▶ **WHAT IS BEING ASKED**
Could you print the stretch of lines below from the one with "Ротационный нивелир RGK" through the one with "Bhagalpur Rain Photos: विश्वविद्यालय", exactly as they stand and without any pictures?

▶ **ENTRIES PROVIDED**
================

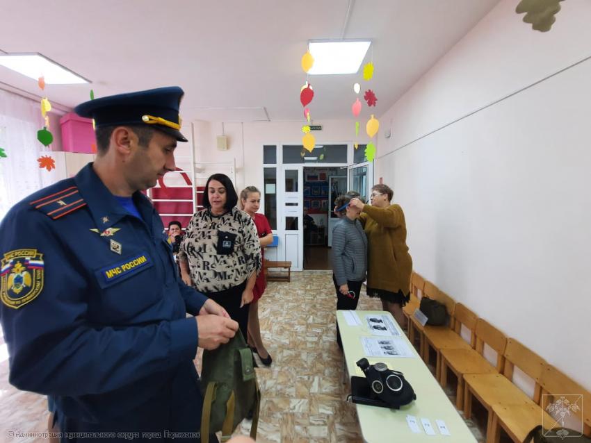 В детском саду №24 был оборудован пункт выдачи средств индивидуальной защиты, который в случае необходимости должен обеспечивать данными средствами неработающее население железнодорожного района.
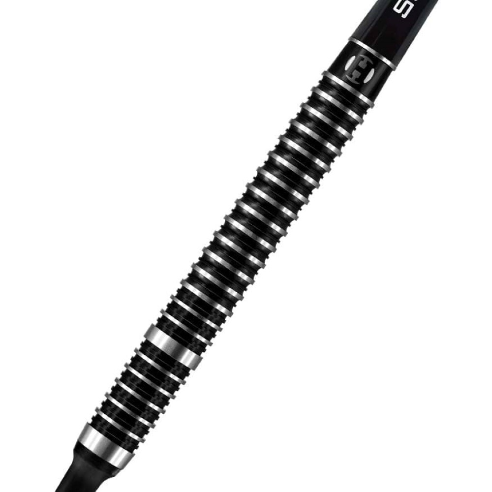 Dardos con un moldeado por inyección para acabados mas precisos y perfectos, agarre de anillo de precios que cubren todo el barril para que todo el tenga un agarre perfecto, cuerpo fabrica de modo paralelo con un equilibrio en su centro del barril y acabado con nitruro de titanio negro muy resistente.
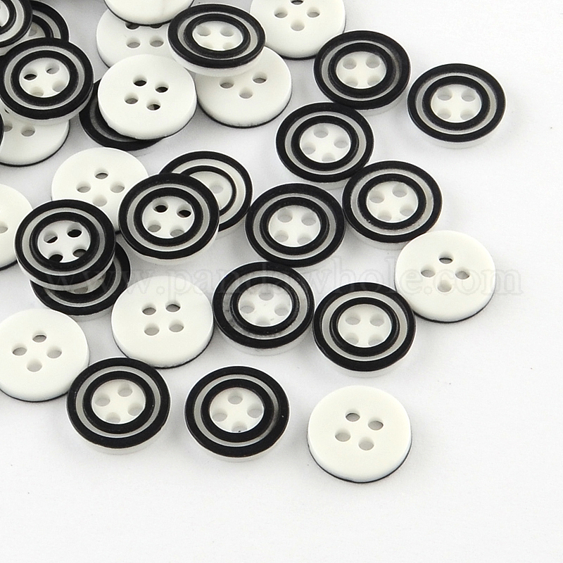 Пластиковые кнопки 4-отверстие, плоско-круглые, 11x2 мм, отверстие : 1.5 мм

================

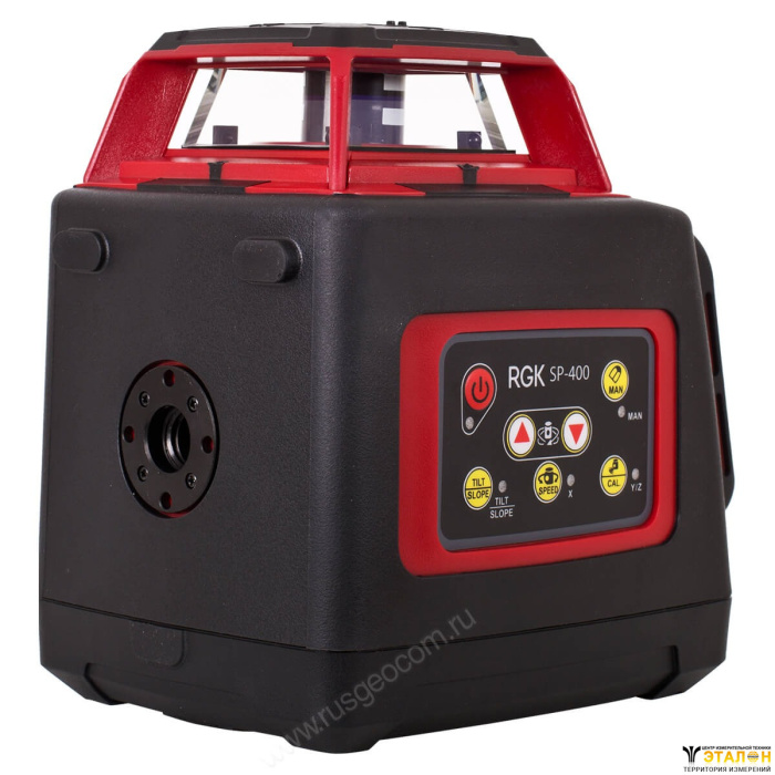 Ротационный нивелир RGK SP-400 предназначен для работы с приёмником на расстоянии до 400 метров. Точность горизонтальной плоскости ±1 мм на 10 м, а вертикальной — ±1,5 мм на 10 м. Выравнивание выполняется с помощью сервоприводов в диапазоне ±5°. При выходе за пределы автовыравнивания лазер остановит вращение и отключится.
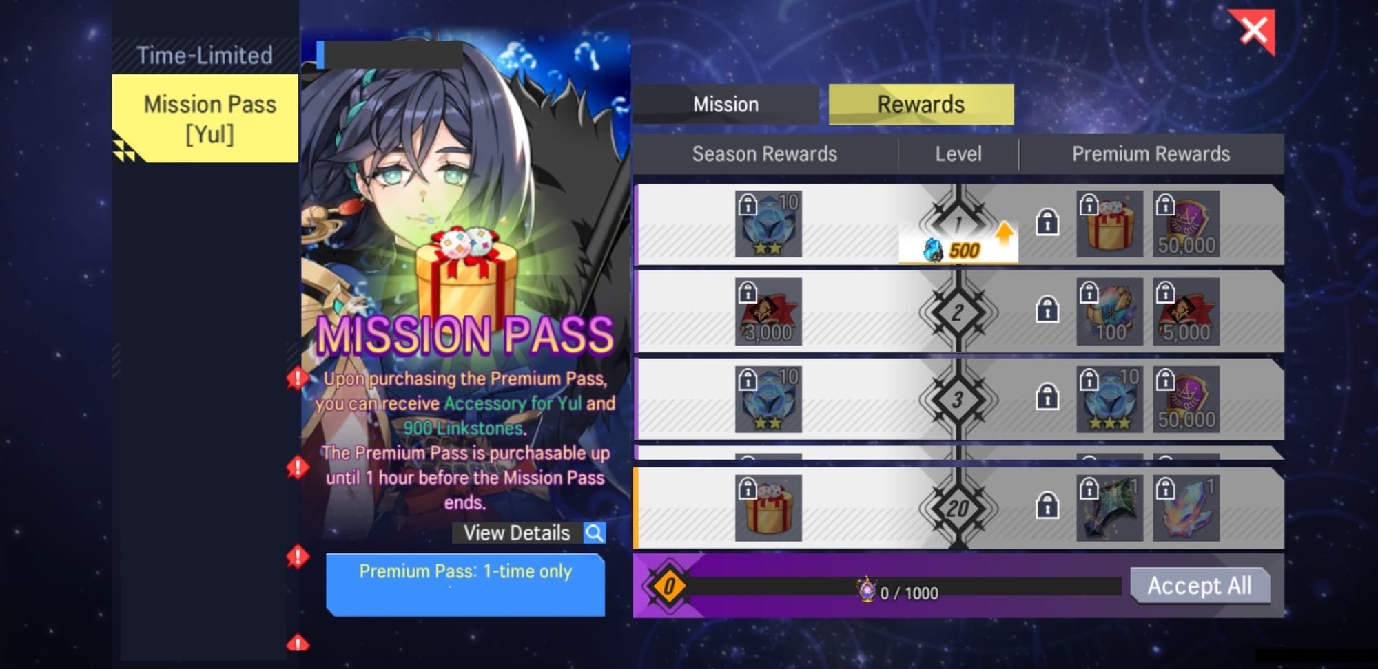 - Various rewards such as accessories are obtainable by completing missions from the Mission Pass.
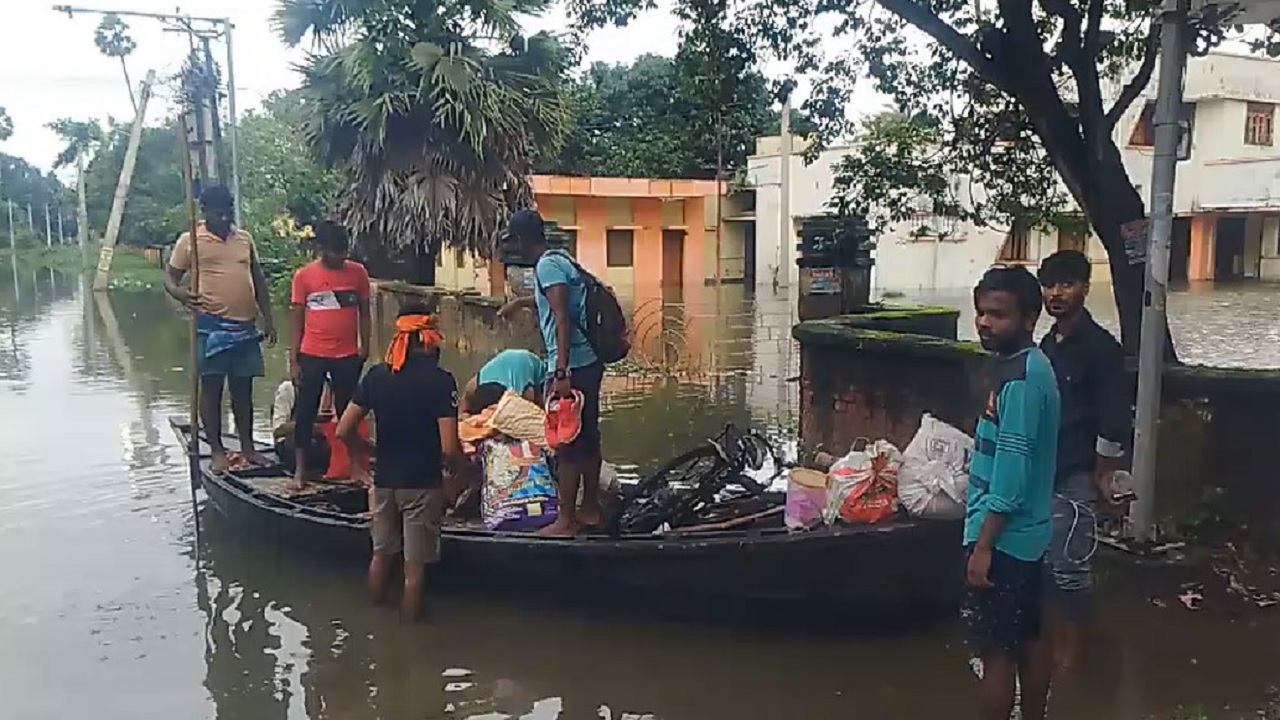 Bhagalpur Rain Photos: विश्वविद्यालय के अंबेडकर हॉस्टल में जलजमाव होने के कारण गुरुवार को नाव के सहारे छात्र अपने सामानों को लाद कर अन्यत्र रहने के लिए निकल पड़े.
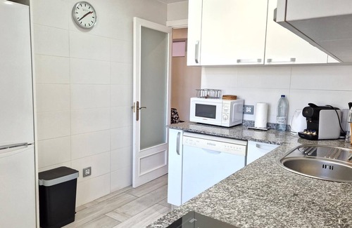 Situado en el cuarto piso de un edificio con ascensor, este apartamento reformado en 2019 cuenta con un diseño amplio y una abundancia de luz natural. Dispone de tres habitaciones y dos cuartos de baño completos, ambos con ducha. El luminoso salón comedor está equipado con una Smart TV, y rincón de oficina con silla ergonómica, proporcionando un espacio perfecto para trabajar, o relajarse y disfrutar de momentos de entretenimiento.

================

▶ **EXERCISE RESPONSE**
 Ротационный нивелир RGK SP-400 предназначен для работы с приёмником на расстоянии до 400 метров. Точность горизонтальной плоскости ±1 мм на 10 м, а вертикальной — ±1,5 мм на 10 м. Выравнивание выполняется с помощью сервоприводов в диапазоне ±5°. При выходе за пределы автовыравнивания лазер остановит вращение и отключится.
 - Various rewards such as accessories are obtainable by completing missions from the Mission Pass.
 Bhagalpur Rain Photos: विश्वविद्यालय के अंबेडकर हॉस्टल में जलजमाव होने के कारण गुरुवार को नाव के सहारे छात्र अपने सामानों को लाद कर अन्यत्र रहने के लिए निकल पड़े.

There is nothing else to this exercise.